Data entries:

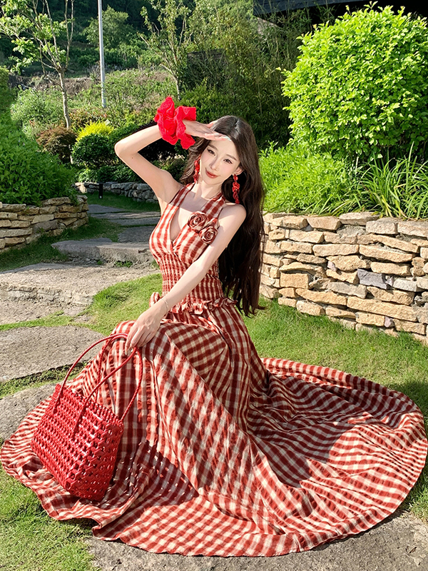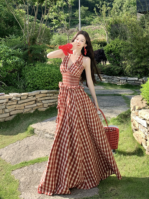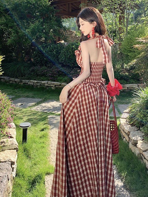 Step into summer elegance with our Vintage French Plaid Halter Strap Dress, designed for the modern woman who appreciates timeless style. Featuring a flattering fit that accentuates your silhouette, this dress is adorned with handmade floral ties that add a unique touch, perfect for seaside vacations or capturing stunning summer photos. Embrace effortless chic and make a statement wherever you go add this must-have dress to your cart today!
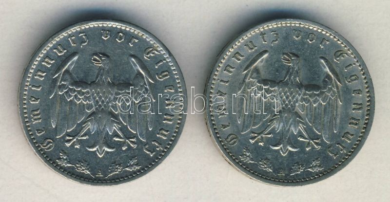 Német 3. Birodalom 1934A 1M (2x) T:2+,2 https://www.darabanth.com/de/142-Fernauktion/142.0/Numismatik/Auslandische-Munzen~1500013/Nemet-3-Birodalom-1934A-1M-2x-T2plus-2~II420346
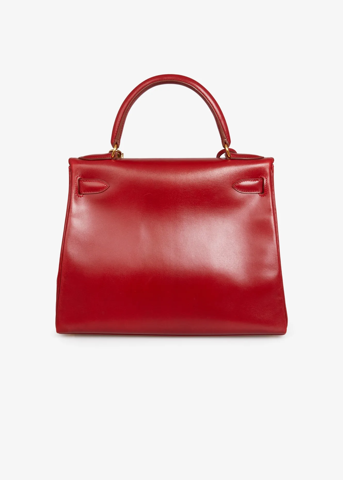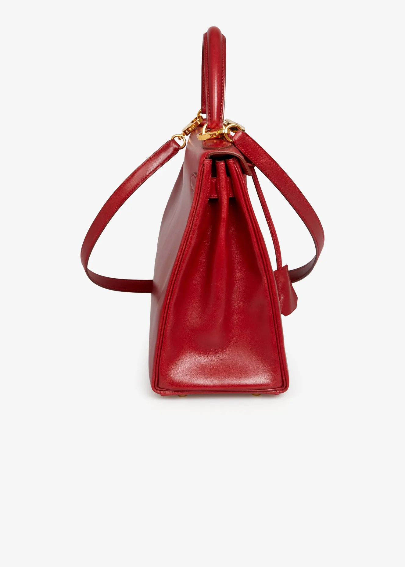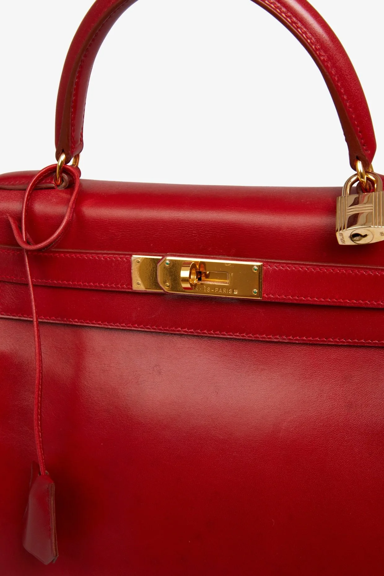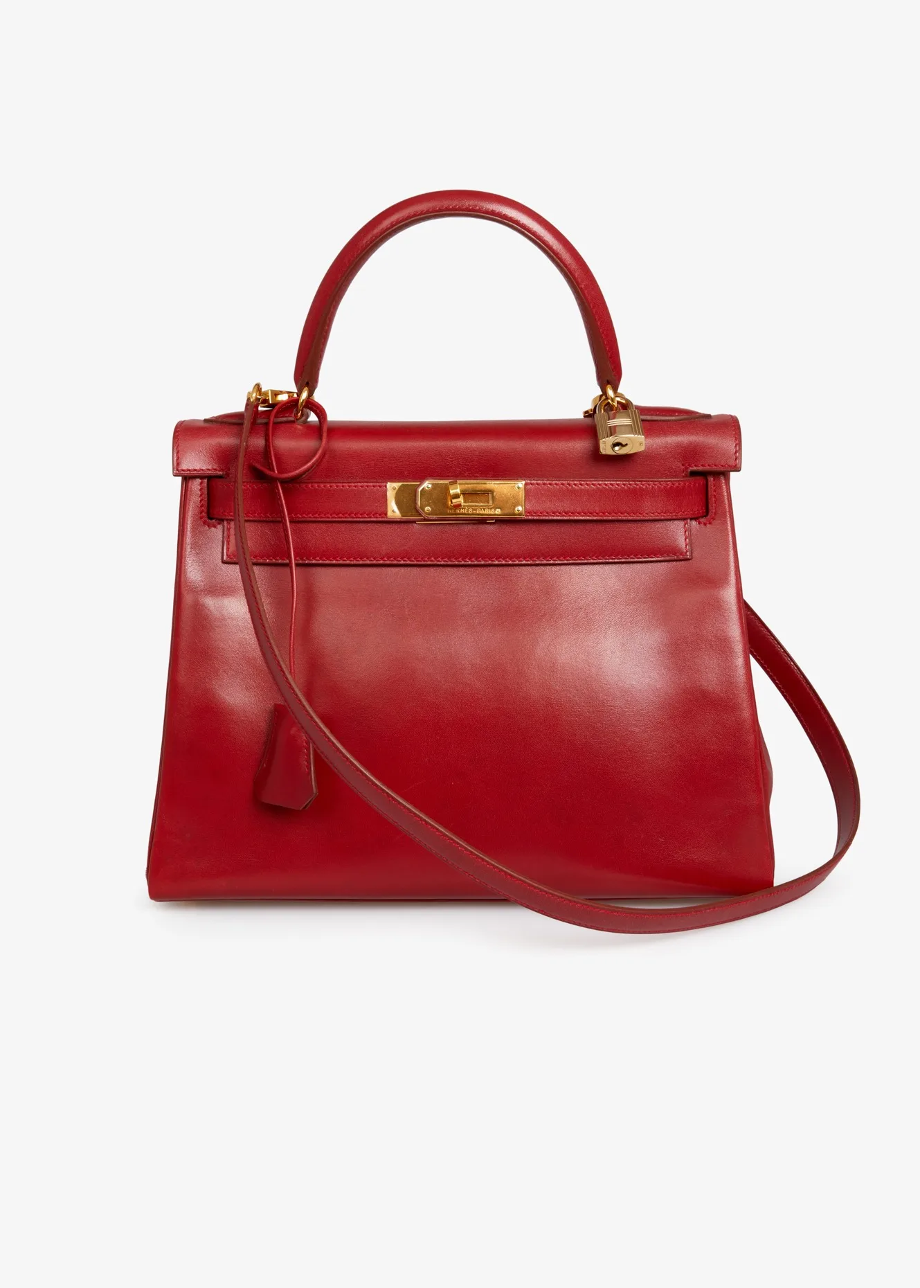 Kelly 28 Hermès bag in red box leather H. Gold jewelry. Pull cord, bell, padlock and key. Carried on the shoulder or by hand. In very good condition. Some wear marks. Plastics are still in jewelry stores.
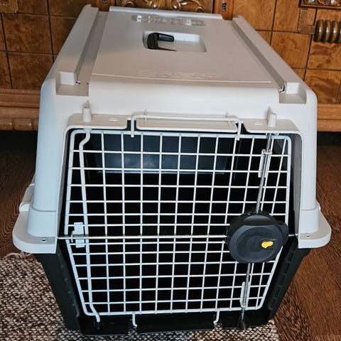 Muovinen lemmikkikuljetuslaatikko kissoille tai pienille koirille.
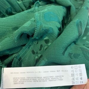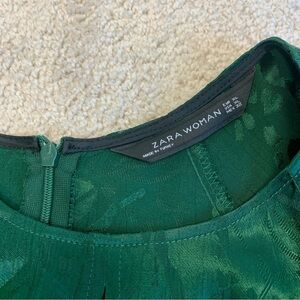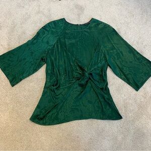 Zara Green Jacquard Front Knot Blouse XL NWOT
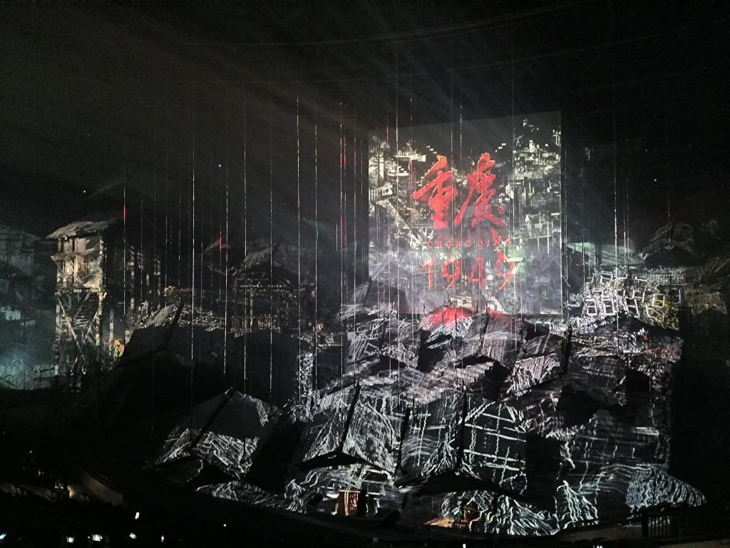 “重庆•1949大剧院”是一座现代化的超大型钢结构建筑,在世界先进剧院建筑群体中,也可堪称为一座极为罕见的创新性建筑作品,目前世界上最大的单一室内动态沉浸式表演剧场。走进剧院,同志们就被其壮丽的装修、舞台设计、布景设计所震撼。“黑云翻卷着山城,江水撕扯着伤....”,在中国抗日战争胜利纪念日暨世界反法西斯战争胜利纪念日之际,弘扬“红岩精神”的史诗实景式剧目《重庆1949》在《暗流》曲目中拉开帷幕,我们在座的上千名观众都坐在位置上屏息期待。
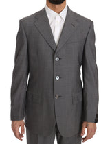 Solid Gray Two Piece 3 Button Wool Suit

Work required: The result should be an exact retyped version of all the entries above, containing no pictures.

Finished exercise:
 Step into summer elegance with our Vintage French Plaid Halter Strap Dress, designed for the modern woman who appreciates timeless style. Featuring a flattering fit that accentuates your silhouette, this dress is adorned with handmade floral ties that add a unique touch, perfect for seaside vacations or capturing stunning summer photos. Embrace effortless chic and make a statement wherever you go add this must-have dress to your cart today!
 Német 3. Birodalom 1934A 1M (2x) T:2+,2 https://www.darabanth.com/de/142-Fernauktion/142.0/Numismatik/Auslandische-Munzen~1500013/Nemet-3-Birodalom-1934A-1M-2x-T2plus-2~II420346
 Kelly 28 Hermès bag in red box leather H. Gold jewelry. Pull cord, bell, padlock and key. Carried on the shoulder or by hand. In very good condition. Some wear marks. Plastics are still in jewelry stores.
 Muovinen lemmikkikuljetuslaatikko kissoille tai pienille koirille.
 Zara Green Jacquard Front Knot Blouse XL NWOT
 “重庆•1949大剧院”是一座现代化的超大型钢结构建筑,在世界先进剧院建筑群体中,也可堪称为一座极为罕见的创新性建筑作品,目前世界上最大的单一室内动态沉浸式表演剧场。走进剧院,同志们就被其壮丽的装修、舞台设计、布景设计所震撼。“黑云翻卷着山城,江水撕扯着伤....”,在中国抗日战争胜利纪念日暨世界反法西斯战争胜利纪念日之际,弘扬“红岩精神”的史诗实景式剧目《重庆1949》在《暗流》曲目中拉开帷幕,我们在座的上千名观众都坐在位置上屏息期待。
 Solid Gray Two Piece 3 Button Wool Suit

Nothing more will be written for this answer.